Abuja, February 20, 2026 — Nigeria’s external reserves have climbed to $48.5 billion as of mid-February 2026, according to data from the Central Bank of Nigeria (CBN), marking the highest level since May 2013.
The figure represents a significant rise from $45.5 billion recorded at the end of 2025, reflecting improved foreign exchange inflows driven by stronger oil revenues, rising diaspora remittances, non-oil export growth, and ongoing banking sector reforms.
Impact on the Naira
The reserves build-up has contributed to relative stability in the foreign exchange market. The naira has strengthened in the parallel market to around ₦1,347 per dollar, compared to highs above ₦1,700 per dollar recorded last year during periods of acute volatility.
Market analysts attribute the moderation to increased FX liquidity, tighter monetary policy coordination, and renewed investor confidence under the leadership of President Bola Tinubu and CBN Governor Olayemi Cardoso.

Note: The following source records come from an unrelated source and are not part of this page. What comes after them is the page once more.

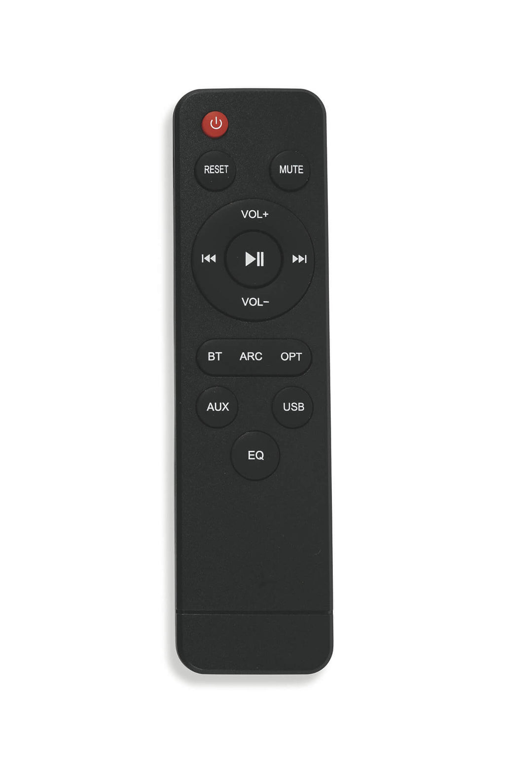 - Le paquet contient : télécommande, barre de son, caisson de basses, câble d'entrée audio et câble d'alimentation
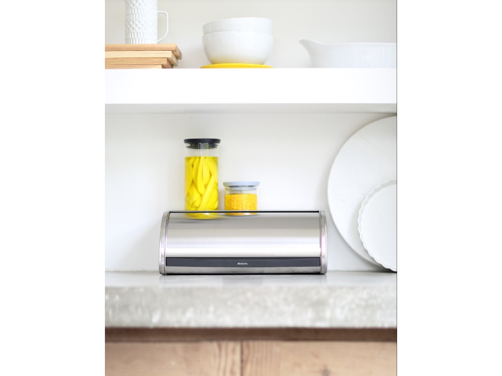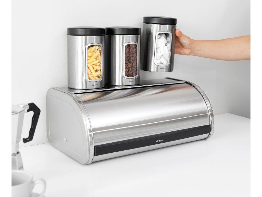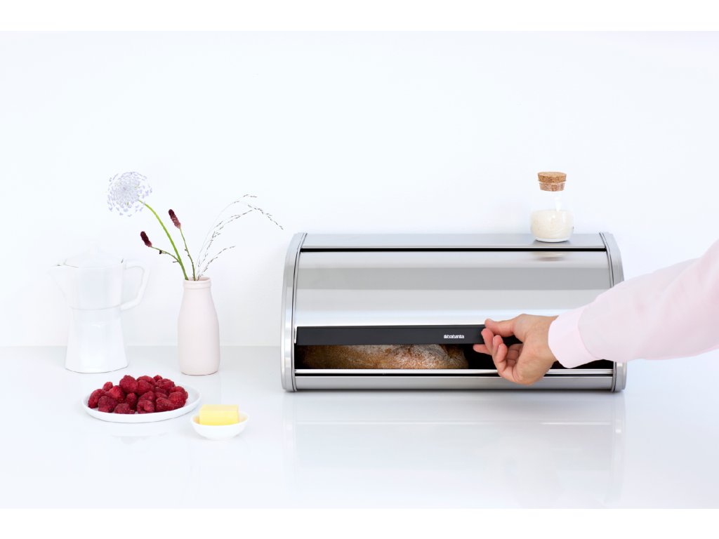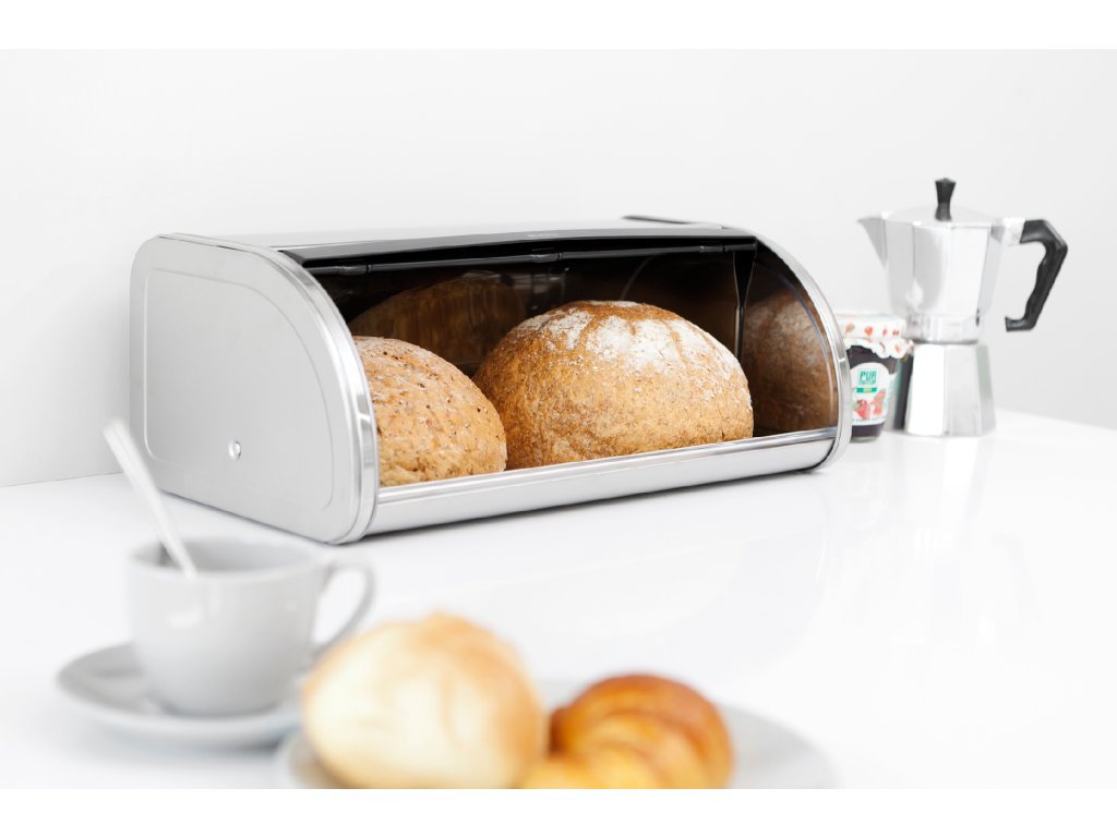 Tento chlebník pojme až dva bochníky chleba. Má velké držadlo pro snadné otevírání. Je také prostorově úsporný: víko zmizí uvnitř chlebníku. Praktický a stylový doplněk do vaší kuchyně!
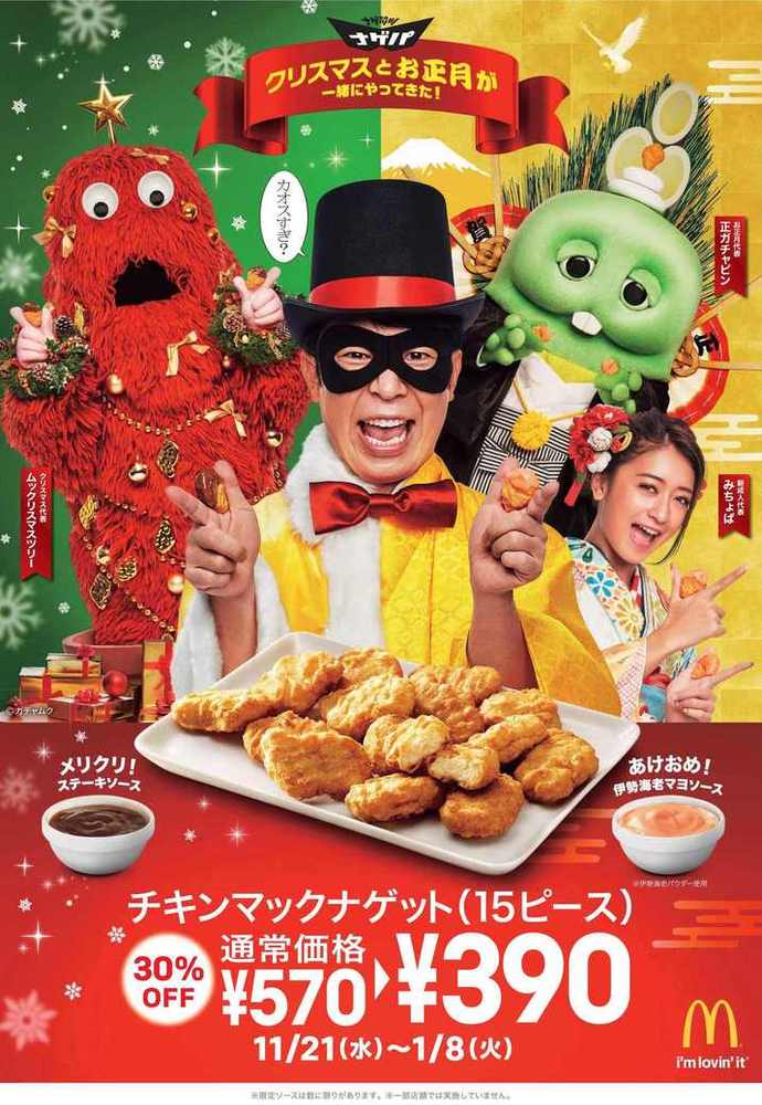 販売期間:「メリクリ!ステーキソース」「あけおめ!伊勢海老マヨソース」2018年11月21日(水)~2019年1月上旬(予定)/「チキンマックナゲット15 ピース」特別価格 2018年11月21日(水)~2019 年1月8日(火)(予定)
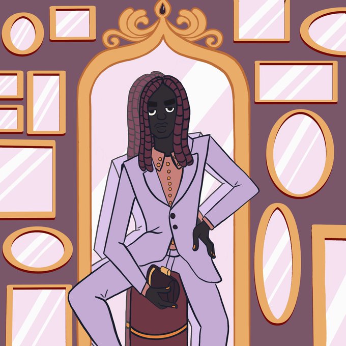 @queerwebcomic I’m moses, a black trans masc artists and i sell my art on merch like bags and notebooks and stuff
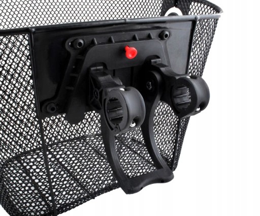 - Kosz rowerowy wykonany z metalowej, czarnej siatki. Kosz montuje się do kierownicy za pomocą uchwytu szybko mocującego typu "CLICK".
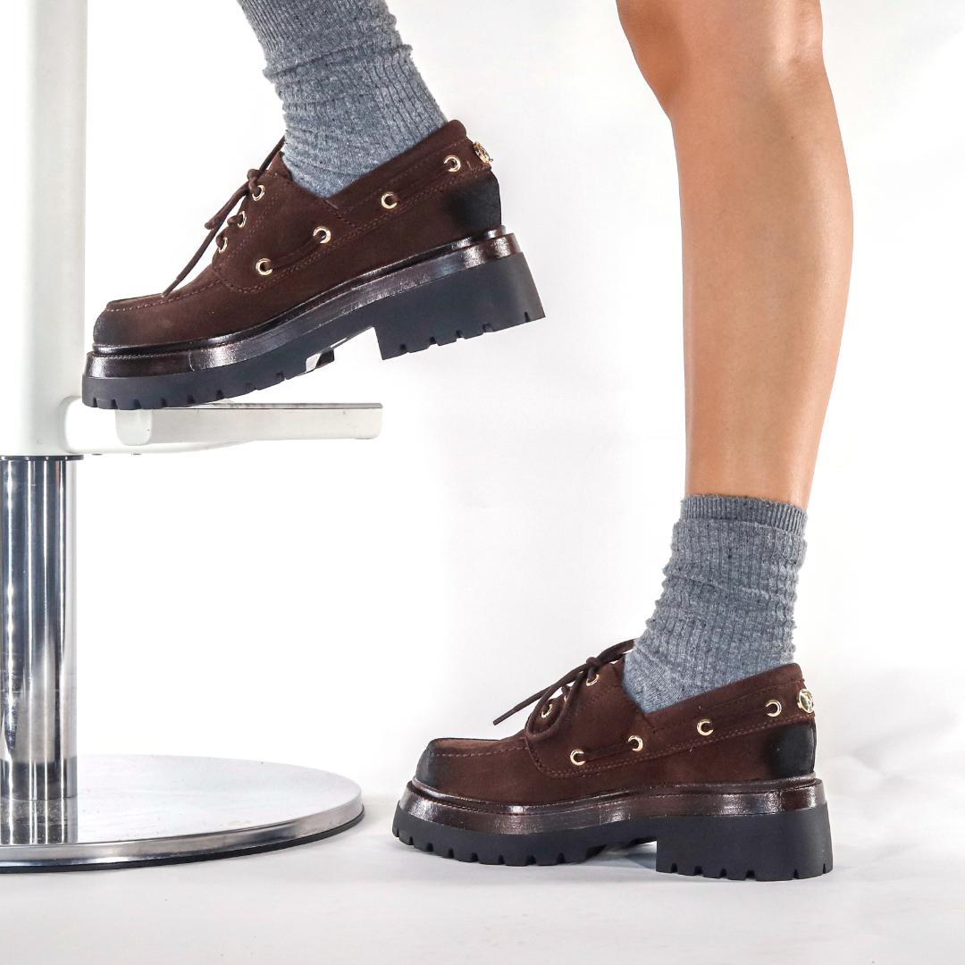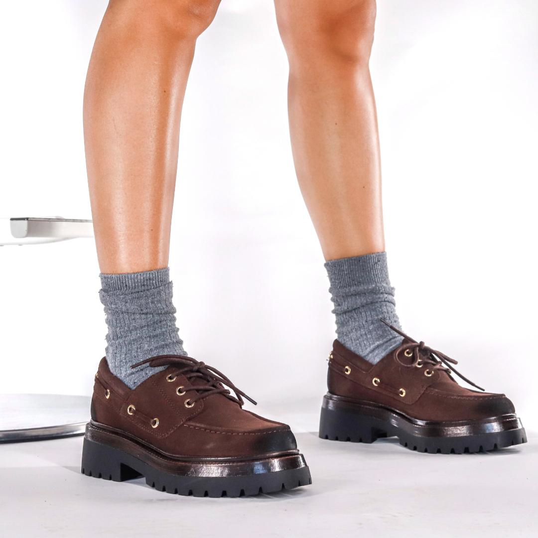 I mocassini di Steve Madden Detroit sono la nuova tendenza per questa stagione. Il design richiama alle scarpe da barca, ma con una suola carro armato super moderna. Realizzate in camoscio marrone, con raffinate finiture, e allacciatura a 3 fori. Sono un vero must-have ideale per look sia formali che casual, che aggiungerà un tocco sofisticato ai vostri outfit.

Import Cover and Economic Buffer
At $48.5 billion, Nigeria’s reserves now provide an estimated over 10 months of import cover, a level widely regarded by economists as a strong buffer against external shocks, including oil price volatility and global financial tightening.
Supporters of the current economic reforms describe the development as evidence that recent fiscal and monetary adjustments are beginning to yield macroeconomic stability.
Cautious Optimism
However, economists and households remain cautious. While the reserves growth and exchange-rate stability signal macro-level improvement, inflationary pressures and high consumer prices continue to weigh on everyday living conditions.
Analysts note that sustained progress will depend on maintaining foreign inflows, deepening non-oil exports, improving domestic productivity, and translating macroeconomic gains into tangible relief for businesses and consumers.